This, then, leads us to the consideration of Idolatry, or the worship of images, which, as we shall see, arose from the following causes:

I. From the habit of representing by external objects the various things of the Church; thus not only Divine Qualities and Attributes, but also the various affections, faculties, virtues, and sciences of man.

II. From the open communication with the Spiritual World which many of the Ancient Church still retained. When the love of the Ancient Church turned from love of the neighbor to love of self and the world, communication was given with evil spirits, who inflowed into the minds of the men. Hence arose first a perversion of the Doctrine of Correspondences and Representatives—that is, the magi or wise of the Ancient Church perverted the correspondences and turned them, for the sake of selfish ends, into such magic arts as to gain power over the minds of men. From this perversion arose, also, a gradual obliteration or forgetting of the true science of Correspondences, while, on account of the great reverence which the ancients had for everything which was old or from their fathers, the representative images and rituals still were considered holy, and at last were worshiped as in themselves Divine. Hence, "those whose mental sight depended upon the senses of the body, and who still wished to see God, formed for themselves, as idols, images of gold, silver, stone, and wood, that under these, as objects of sight, they might worship God, while others, who rejected artificial images from their religion, formed for themselves ideal images of God in the sun, the moon, and the stars, and in various things upon the earth" (T. C. R. 11).
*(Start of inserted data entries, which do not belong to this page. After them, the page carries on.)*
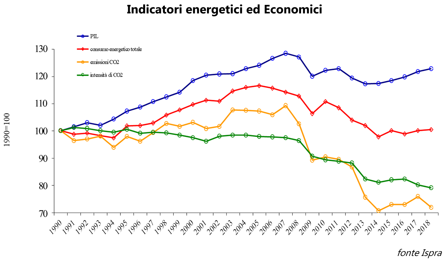 È positivo il trend delle emissioni di gas serra degli ultimi 28 anni. Nel 2018, le emissioni diminuiscono del 17% rispetto al 1990, passando da 516 a 428 milioni di tonnellate di CO2 equivalente e dello 0,9% rispetto all'anno precedente.
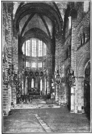 Suffice it to say that you will first be taken to the Church, which is now, and likely to be for many years, in the hands of the restorers. Only four bays of the seven that went to the making of the great Norman nave remain, and these have had to be much restored; but here it is a pleasure to record that the restoration has been carried out with perfect taste, so that the latter-day visitor has an excellent idea of the appearance of the Abbey and its dependent buildings as these 249 were in the heyday of Mont St. Michel's prosperity.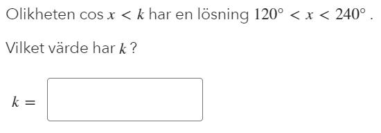 Logiken jag använde vad att jag letade för en lösning längst grafen cosx där cosx<k. Cos 120 och cos 240 var -0.5. Om ma drog en hypotetisk linje längst y=-0,5, då tänkte jag att jag måste hitta en lösning. Då tänkte jag att om det ska finnas en lösning där, då måste det vara -1.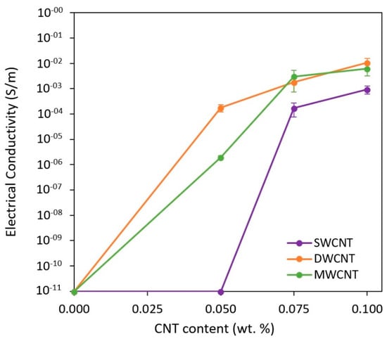 Electrical conductivity values of nanocomposites doped with different CNT types— SWCNTs, DWCNTs and MWCNTs—are summarized in Figure 2. Here, several interesting factors can be observed. The electrical percolation threshold is different as a function of CNT geometry: below 0.050, around 0.050 and 0.075 wt. for nanocomposites doped with DWCNT, MWCNT and SWCNT, respectively. In addition, the final electrical conductivity of the nanocomposites at a higher CNT content where the electrical network is saturated is lower for the nanocomposites doped with SWCNTs.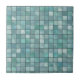 Grafischer Entwurf der veränderten aquamarinen farbigen dekorativen Fliesen für ein strukturiertes Duoton Muster der wiederholten quadratischen Formen.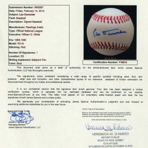 Leo Durocher has applied a bold (“9”) ballpoint signature to a white ONL/White ball. The ball comes with a Full LOA from James Spence/JSA.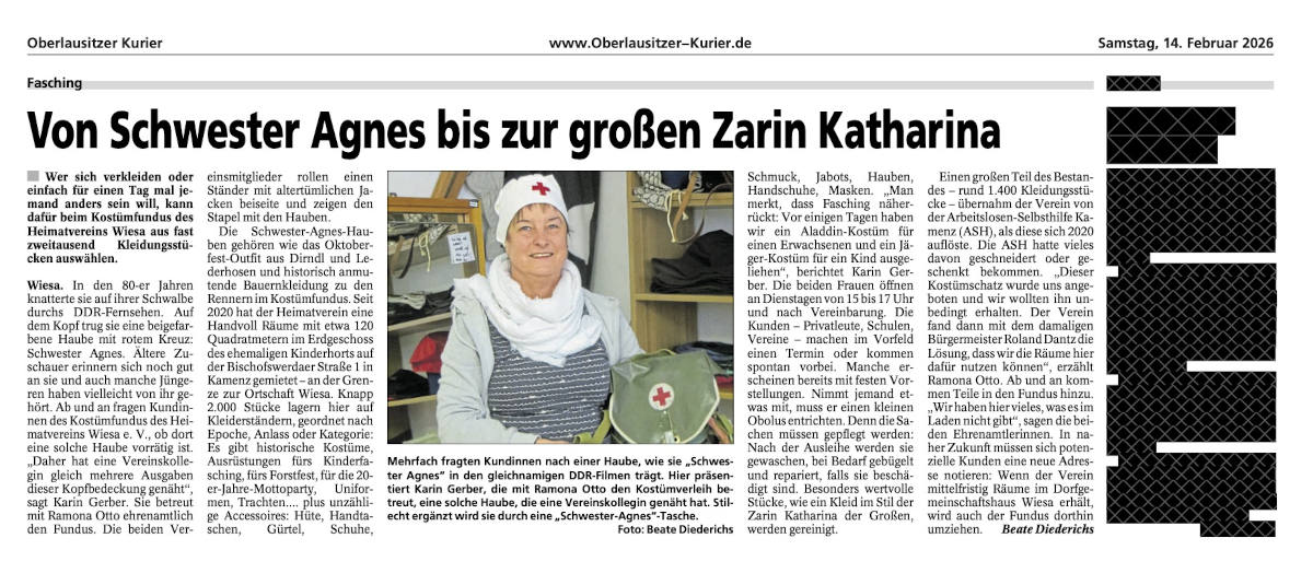 Presseartikel vom Oberlausitzer Kurier, 14. Februar 2026 über den Fundus des Heimatvereins Wiesa e.V.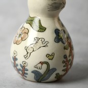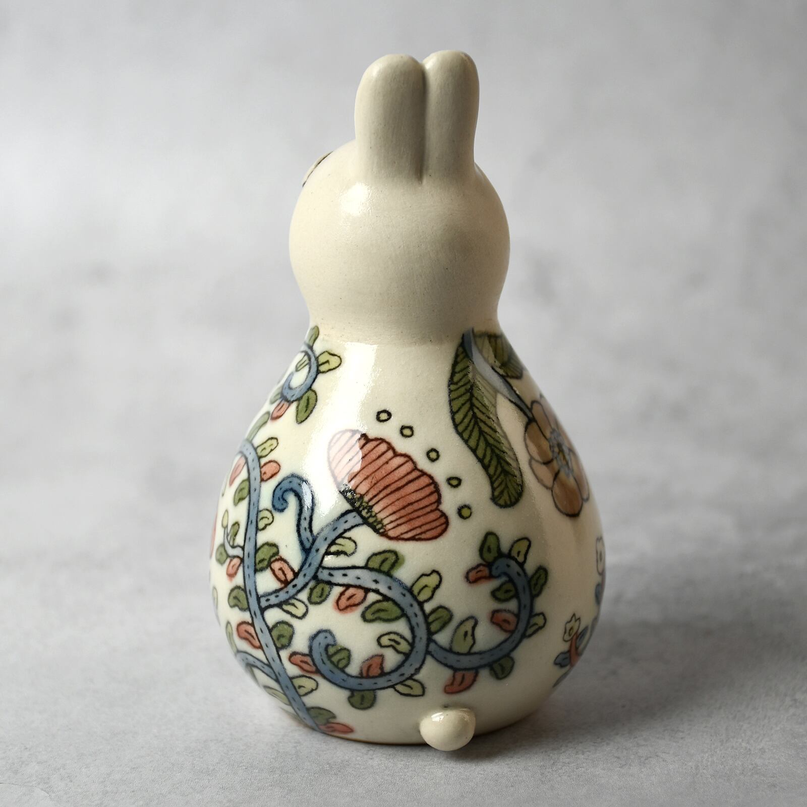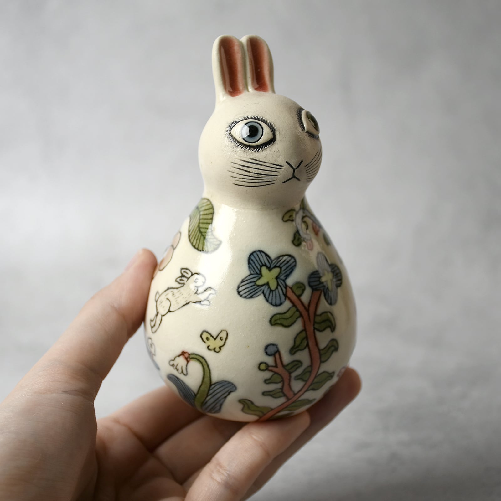 イースターエッグをイメージして作り始めた、うさぎの陶人形です。目力がすごいです。

Hence then came the worship of the planetary bodies, which we find in all the Ancient Mythologies, as well as the grosser forms of idolatry, such as the worship of images of beasts, birds, fishes, serpents, and trees.

A very complete historical view of this gradual rise of the worship of idols and statues is found in Arcana Caelestia, n. 4580.

"The statues that were erected in ancient times were either for a sign or for a witness or for worship; those which were for worship were anointed, and thence they were considered holy, and by them also they had their worship. Thus, in temples, in groves, in woods, under trees, and in other places. This ritual derived its representation from this, that in most ancient times stones were erected on the boundaries between the families of the nations, so that no one should pass over them to do any evil. And because stones were there on the boundaries, the most ancients, who in the single things which were in this earth saw corresponding spiritual and celestial things, when they saw these stones in the boundaries, thought concerning the truths which are the ultimates of order; but their posterity, who beheld less of the spiritual and celestial and more of the worldly, began to think in a holy manner concerning these only from the veneration from the ancient time, and at last the posterity of the Most-Ancients, who lived immediately before the flood, and who did not any more see anything spiritual and celestial in terrestrial and mundane things, as in objects, began to sanctify these stones, by pouring libations upon them, and anointing them with oil; and then they were called statues and retained for worship. This remained after the flood, in the Ancient Church, which was representative, but with this difference, that the statues served them as means for reaching internal worship; for infants and children were instructed by their parents what these things represented, and thus they were led to know holy things, and to be affected by those things which they represented. Thence it was that the statues with the ancients, in their temples, groves, and woods, and upon hills and mountains, were for worship. But when internal things altogether perished, together with the Ancient Church, and when they began to hold external things holy and Divine, and thus to worship them idolatrously, then they erected statues for their separate gods."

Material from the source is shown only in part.